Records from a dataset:
+ + + + + + +

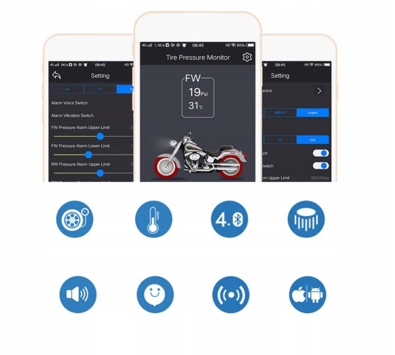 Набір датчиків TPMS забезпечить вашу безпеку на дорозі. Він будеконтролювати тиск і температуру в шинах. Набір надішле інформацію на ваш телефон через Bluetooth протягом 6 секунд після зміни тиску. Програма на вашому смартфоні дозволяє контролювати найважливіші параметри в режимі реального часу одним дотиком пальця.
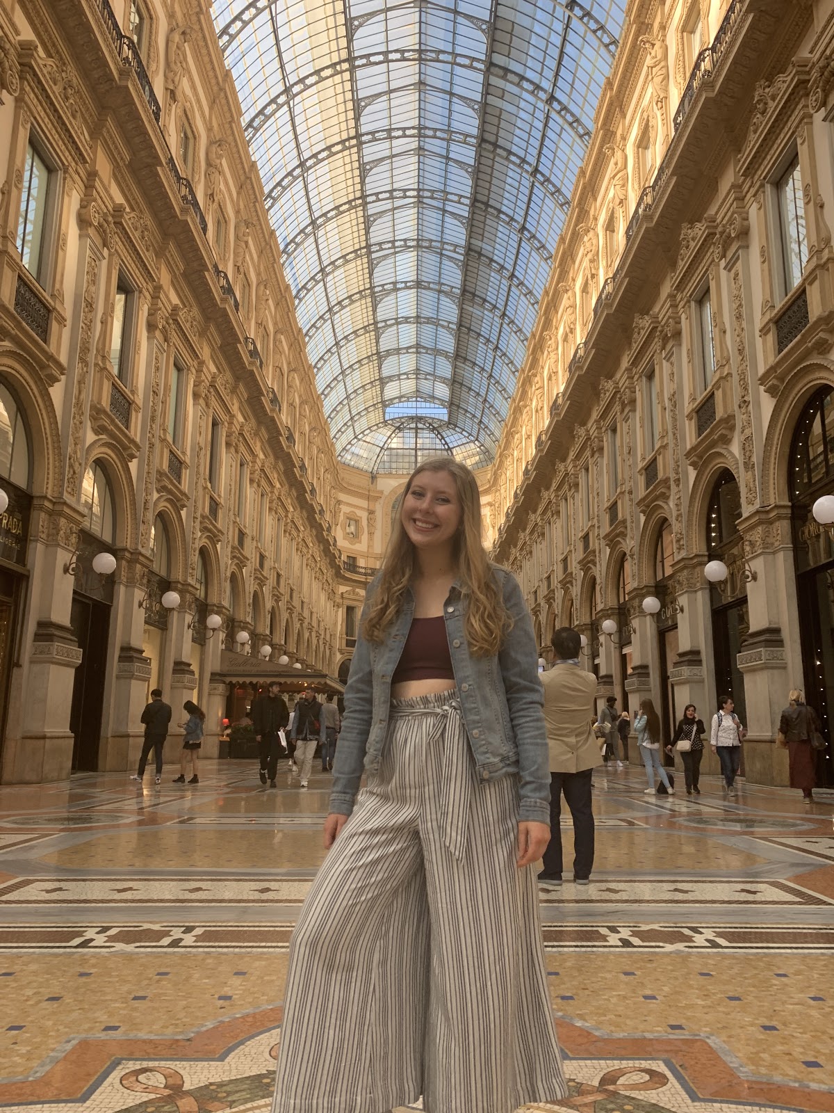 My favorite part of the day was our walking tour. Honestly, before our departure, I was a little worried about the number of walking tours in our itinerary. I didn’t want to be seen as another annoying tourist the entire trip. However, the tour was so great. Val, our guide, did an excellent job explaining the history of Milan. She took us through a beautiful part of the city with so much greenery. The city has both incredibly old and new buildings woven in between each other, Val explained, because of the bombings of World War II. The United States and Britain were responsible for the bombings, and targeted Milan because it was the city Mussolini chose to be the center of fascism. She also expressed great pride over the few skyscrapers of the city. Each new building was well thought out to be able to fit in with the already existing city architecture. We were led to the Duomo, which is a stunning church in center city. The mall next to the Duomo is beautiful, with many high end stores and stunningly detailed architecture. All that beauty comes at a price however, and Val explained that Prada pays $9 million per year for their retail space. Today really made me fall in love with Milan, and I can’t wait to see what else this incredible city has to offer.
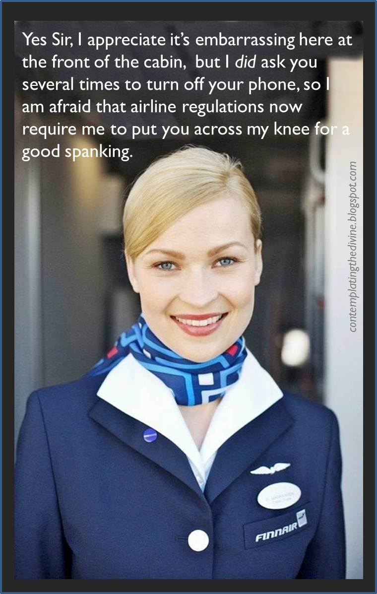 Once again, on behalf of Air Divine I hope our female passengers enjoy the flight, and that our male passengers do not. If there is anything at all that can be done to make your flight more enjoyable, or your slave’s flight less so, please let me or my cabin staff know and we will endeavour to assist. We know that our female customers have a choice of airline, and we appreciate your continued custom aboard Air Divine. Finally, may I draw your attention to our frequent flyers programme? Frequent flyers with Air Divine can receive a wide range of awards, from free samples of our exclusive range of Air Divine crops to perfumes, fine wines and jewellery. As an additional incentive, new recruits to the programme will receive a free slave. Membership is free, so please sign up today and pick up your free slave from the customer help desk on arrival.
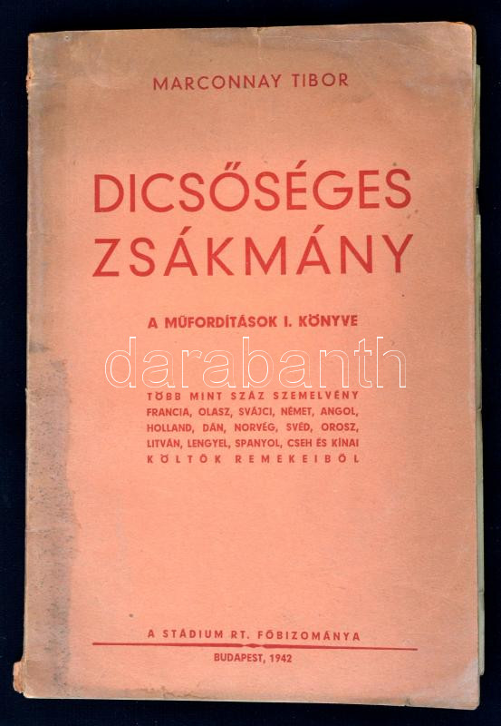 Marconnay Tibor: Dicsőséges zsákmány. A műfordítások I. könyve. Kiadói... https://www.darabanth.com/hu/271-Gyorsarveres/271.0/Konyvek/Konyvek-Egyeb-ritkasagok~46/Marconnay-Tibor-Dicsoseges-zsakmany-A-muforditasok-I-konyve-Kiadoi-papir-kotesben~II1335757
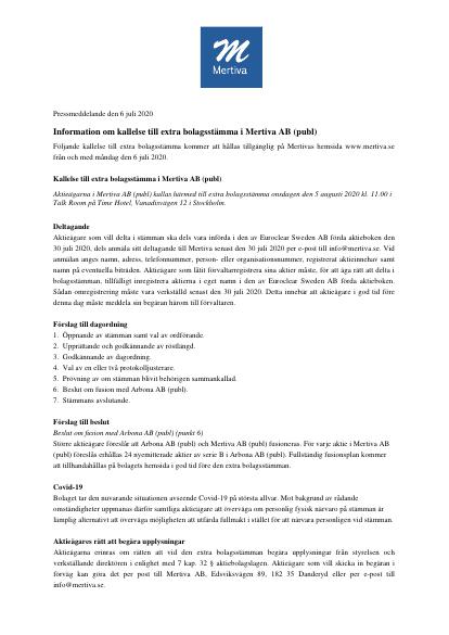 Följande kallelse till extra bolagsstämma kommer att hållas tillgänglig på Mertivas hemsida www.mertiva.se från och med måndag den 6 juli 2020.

+ + + + + + +

(Required action):
Beginning with the first line of the records, write out every line up to and including the one with "My favorite part", exactly, and omit all pictures.

(Result):
 Набір датчиків TPMS забезпечить вашу безпеку на дорозі. Він будеконтролювати тиск і температуру в шинах. Набір надішле інформацію на ваш телефон через Bluetooth протягом 6 секунд після зміни тиску. Програма на вашому смартфоні дозволяє контролювати найважливіші параметри в режимі реального часу одним дотиком пальця.
 My favorite part of the day was our walking tour. Honestly, before our departure, I was a little worried about the number of walking tours in our itinerary. I didn’t want to be seen as another annoying tourist the entire trip. However, the tour was so great. Val, our guide, did an excellent job explaining the history of Milan. She took us through a beautiful part of the city with so much greenery. The city has both incredibly old and new buildings woven in between each other, Val explained, because of the bombings of World War II. The United States and Britain were responsible for the bombings, and targeted Milan because it was the city Mussolini chose to be the center of fascism. She also expressed great pride over the few skyscrapers of the city. Each new building was well thought out to be able to fit in with the already existing city architecture. We were led to the Duomo, which is a stunning church in center city. The mall next to the Duomo is beautiful, with many high end stores and stunningly detailed architecture. All that beauty comes at a price however, and Val explained that Prada pays $9 million per year for their retail space. Today really made me fall in love with Milan, and I can’t wait to see what else this incredible city has to offer.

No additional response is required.